Humans have been using lead for thousands of years. Because this metal is extremely soft, it is very easy to work, and early metalsmiths could manipulate it with minimal heat. Numerous cultural artifacts contain lead, often in the form of metal alloys, and the ancients were obviously very familiar with the metal, though unfortunately not with its negative health effects. One of its most infamous historical uses was in Roman plumbing and pewter, an alloy which was used to make many household goods including cups and plates.
When lead is freshly isolated, it is a bright, silvery metal. However, exposure to air quickly causes it to tarnish, acquiring a dull gray color which is familiar to many people. The element is soft enough to be cut with shears or a knife, and it has a very low melting point. It also happens to be resistant to many corrosives. Lead has the atomic number 82, and it is identified on the periodic table of elements with the symbol Pb. If you're wondering what the letters “P” and “B” have to do with L-E-A-D, the “Pb” refers to the Latin name, plumbum; the English name appears to be Celtic in origin.
The uses for lead are myriad. The resistance to corrosion and malleability make it a popular additive to alloys, and it is also used in bullets, soldering material, radiation shields, and some paints. Lead has also historically been used as an additive in glass, which is why some antique and modern glass is not safe to eat or drink from. It was also the material of choice for movable type from the 1400s, when Gutenberg invented the movable type press, to today; several foundries still cast lead type and other equipment for use with letterpresses.
Many people are aware that this element is toxic. Lead is a neurotoxin, so it will attack the brain and spinal cord. Because it bioaccumulates in the body, someone may suffer from lead poisoning slowly without being aware of what is going on. When someone presents with neurological problems to a doctor or hospital, poisoning from this metal is sometimes on the list of suspects.
Some scientists now believe that the Roman Empire fell in part because their plumbing, food storage, and many other systems relied in part on lead paint.
Imagine, if they knew about the dangers, and could perform things like a lead levels test, the modern world might speak Latin as one of the big common languages, and English might not exist in its current form at all.

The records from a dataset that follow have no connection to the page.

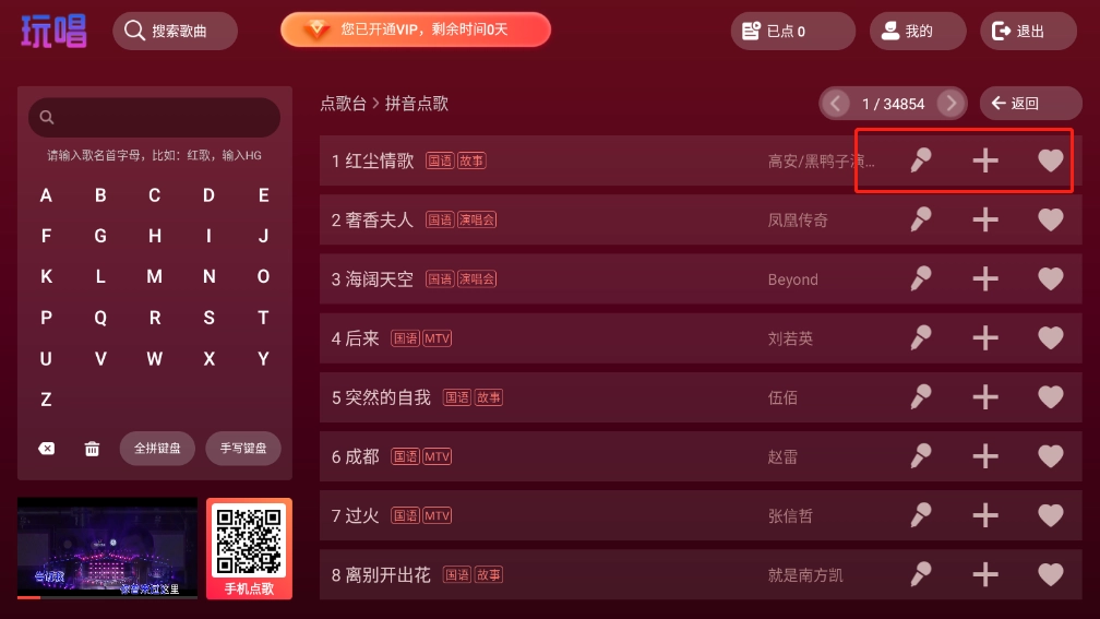 点击您想播放的歌曲,它会被添加到播放列表里。确认所选歌曲没有问题后,点击“点歌”或者“播放”按钮就可以了。
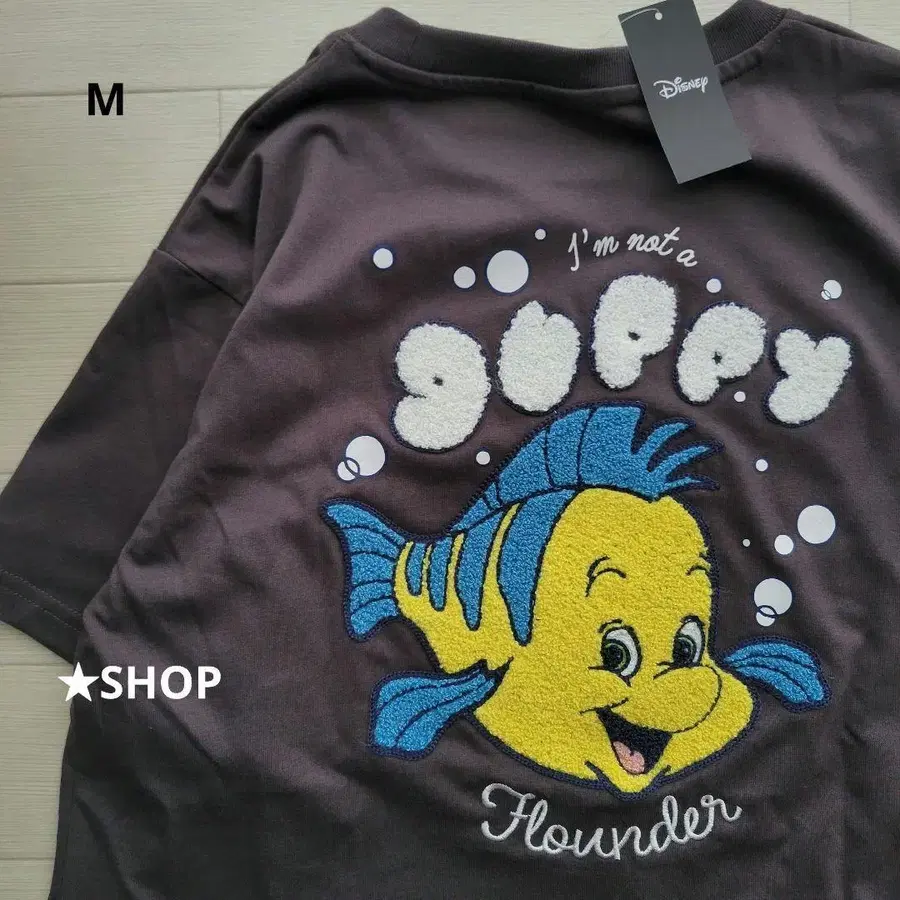 디즈니 인어공주 플랜더 사가라 자수 반팔 티셔츠 M
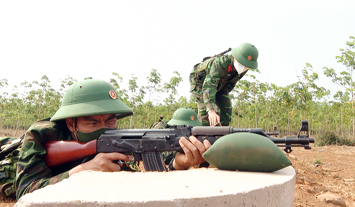 Chiến sĩ mới huấn luyện các tư thế bắn súng AK bài 1.
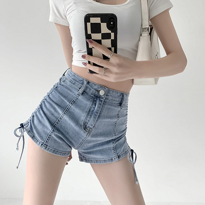 韩版百搭高腰牛仔短裤女夏抽绳设计感高腰显瘦小个子甜辣阔腿热裤

What's really scary about lead is that though people can deal with minimal lead exposure over their lives without problems. If you already have another health issue though, it can raise risk; the same is true for children.
I had to do some research on lead when I was remodeling my house and found out that a lot of my house had lead paint on it, and it's really scary to think about all the health problems it can cause. I especially worry about people who live in old houses with things like lead paint or window blinds containing lead; you can get lead removal done for these things, though, it's just a matter of testing levels and things.